Basbaum (2002), afirma que neurologicamente a sinestesia se apresenta de duas maneiras. A primeira trata da sinestesia constitutiva que revela mecanismos cerebrais e cognitivos e a segunda é a associação entre modalidades perceptivas de maneira geral. Interessa-nos neste trabalho a sinestesia cognitiva que se caracteriza por associações de ideias, como ouvir uma música e associar a determinado ambiente experienciado anteriormente ou sentir um cheiro e ser remetido a outro espaço-tempo.

O Jogo de Areia, por seu caráter lúdico-criativo, é uma estratégia vivencial que possibilita o construir e reconstruir do mundo por intermédio da tatilidade, onde a pessoa passa a ser o ator principal na construção de seus conhecimentos, utilizando a inteireza de seu corpo e sua corporeidade. Este é um processo permanente que fortalece a autoformação humanescente.

Porém, tradicionalmente, o Jogo de Areia é aplicado no âmbito psicoterapêutico, com poucos trabalhos voltados para a área pedagógica, como vivência ludopoiética. Entre os autores que se afastam que têm buscado interlocuções entre o Jogo de Areia e outras áreas do conhecimento, destacam-se Giovanetti e Sant'anna (2005) que investigaram o psicodiagnóstico interventivo com Jogo de Areia na avaliação de momentos de crise adaptativa às atividades clínicas e institucionais do curso de Psicologia, bem como no término da graduação. Scoz e Mitjáns (2009) utilizaram-no como recurso metodológico para o estudo da zona muda das representações sociais, especialmente as representações sociais de professores, pela sua significação para a prática pedagógica. Scoz (2004; 2008) utilizou-o como uma técnica que contribui para uma aproximação da compreensão da subjetividade em psicopedagogia. Franco e Pinto (2003) apresentam possibilidades de sua ampliação como um instrumento de pesquisa acadêmica na psicologia clínica, enfocando-se suas propriedades projetivas e diagnósticas.
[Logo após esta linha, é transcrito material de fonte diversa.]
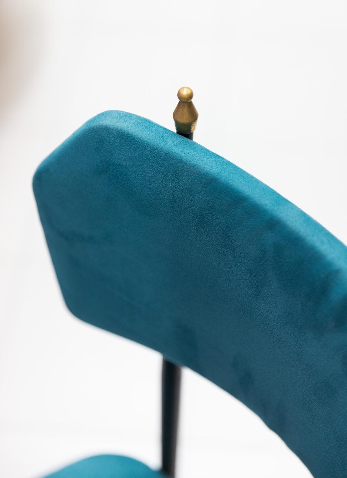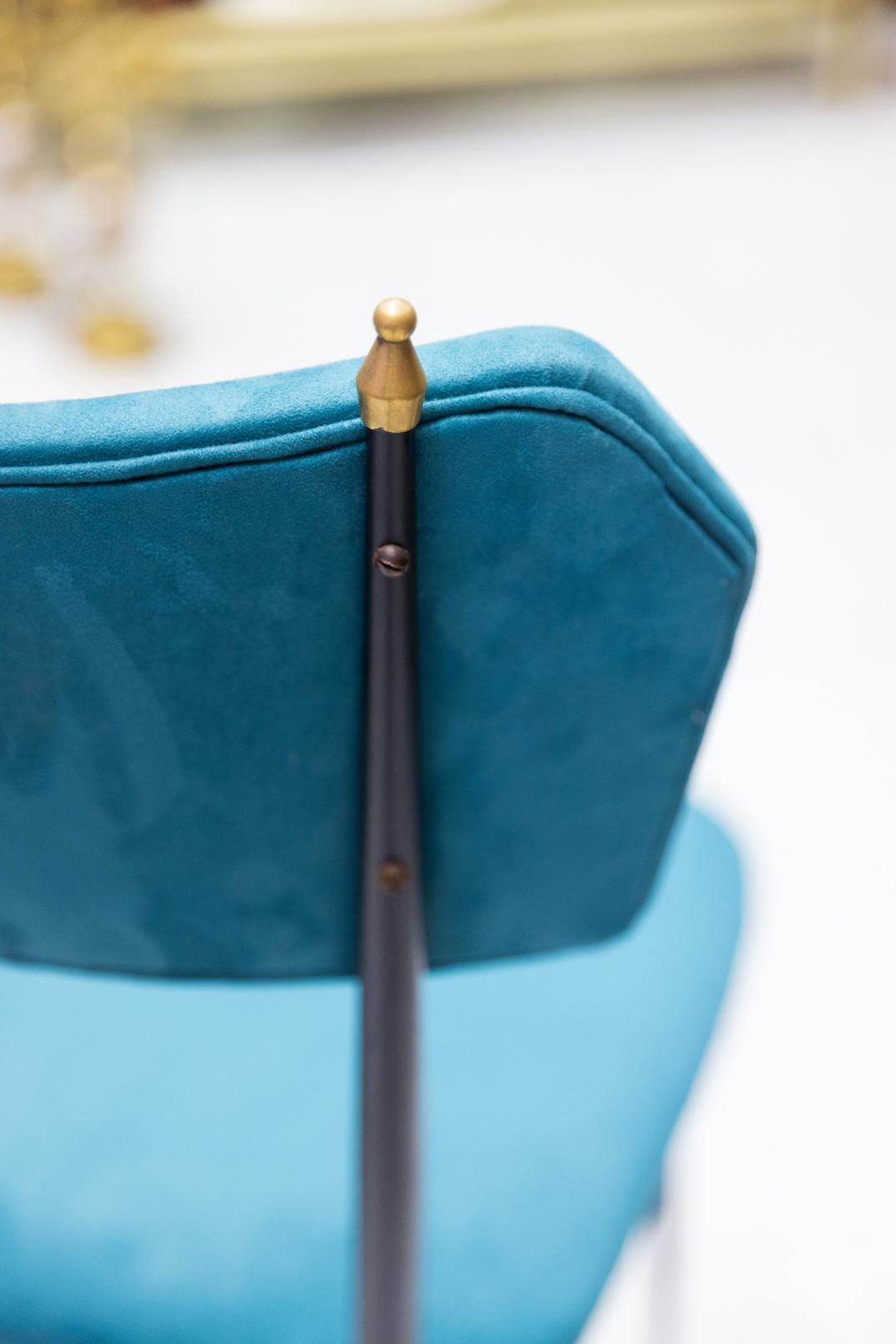 Set di 6 sedie anni '50 più tavolo design Mascagni in ferro, puntali in ottone e vetroelite in oro antico , XX secolo

A sistematização do Jogo de Areia como estratégia vivencial no processo de ensino-aprendizagem e como técnica de pesquisa que complementa entrevistas e outras

abordagens, vem sendo realizada desde o ano de 2006 pela Linha de Pesquisa Corporeidade e Educação no PPGED/UFRN e também nos laboratórios vivenciais de cada pesquisador que atuam na área de Lazer (PEREIRA, 2007; PEREIRA; CAVALCANTI, 2007; PEREIRA, 2008; MAIA, 2008); Música (MOSCA, 2007, 2008), Formação de Professores (MUSSE, 2007a, 2007b; 2008a, 2008b) Educação Infantil (BARBOSA, 2007, 2008, 2009; PINHEIRO, 2010); Enfermagem (SAMPAIO, 2009).
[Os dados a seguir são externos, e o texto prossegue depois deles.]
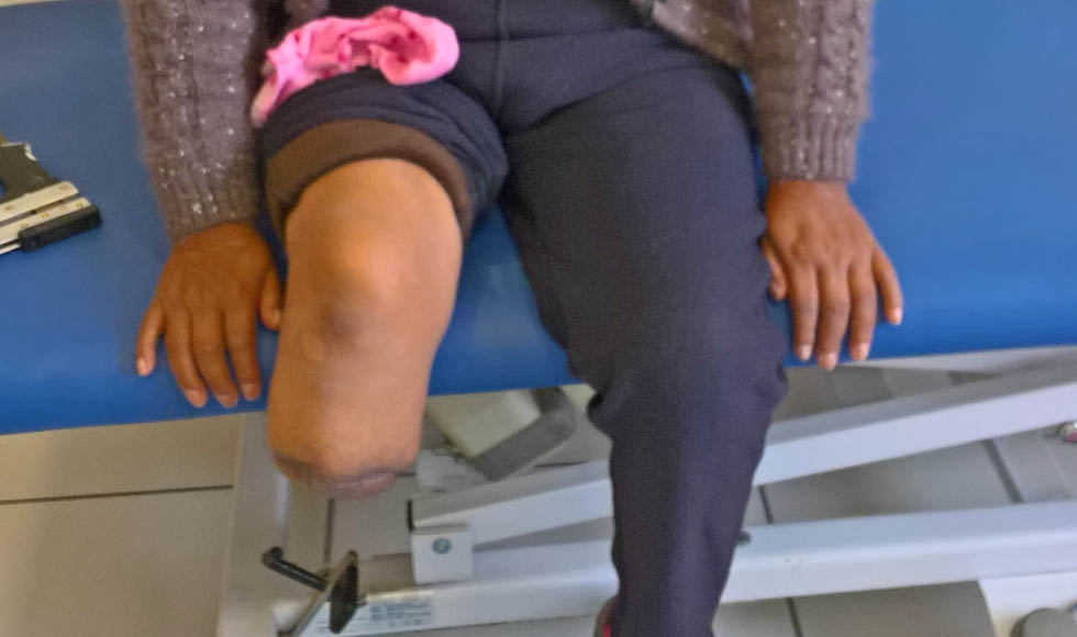 Dank einer Prothese konnte der Orthopädie-Techniker im Diospi Suyana Hospital, kann sie nun wieder ohne Rollstuhl gehen.

Para Franco (2009) o uso do Jogo de Areia na realidade brasileira tem passado por modificações e adaptações, criando uma identidade brasileira “capaz de respeitar diferenças e em evolução para a ampliação de seu reconhecimento”. Entre estas modificações e adaptações está o seu uso no processo educacional, onde os cenários são construídos individualmente, mas nem por isso configurando-se como um processo solitário; ao contrário, é uma construção permanente sem a dependência dos outros, na relação com eles, apoiados pela reflexividade, ludicidade, criatividade e imaginação como sujeitos autopoiéticos e humanescentes. É uma quebra de paradigma com a cultura tradicional de se aprender somente com o aporte visual e oral, onde a prática, o tocar e o vivenciar ainda estão muito longe da escola.

Portanto, as vivências com o Jogo de Areia, no processo educacional e como vivência ludopoiética, necessitam de uma investigação mais aprofundada, possibilitando compreender o movimento da tatilidade no fazer com as mãos e suas possibilidades ludopoiéticas na autoformação humanescente.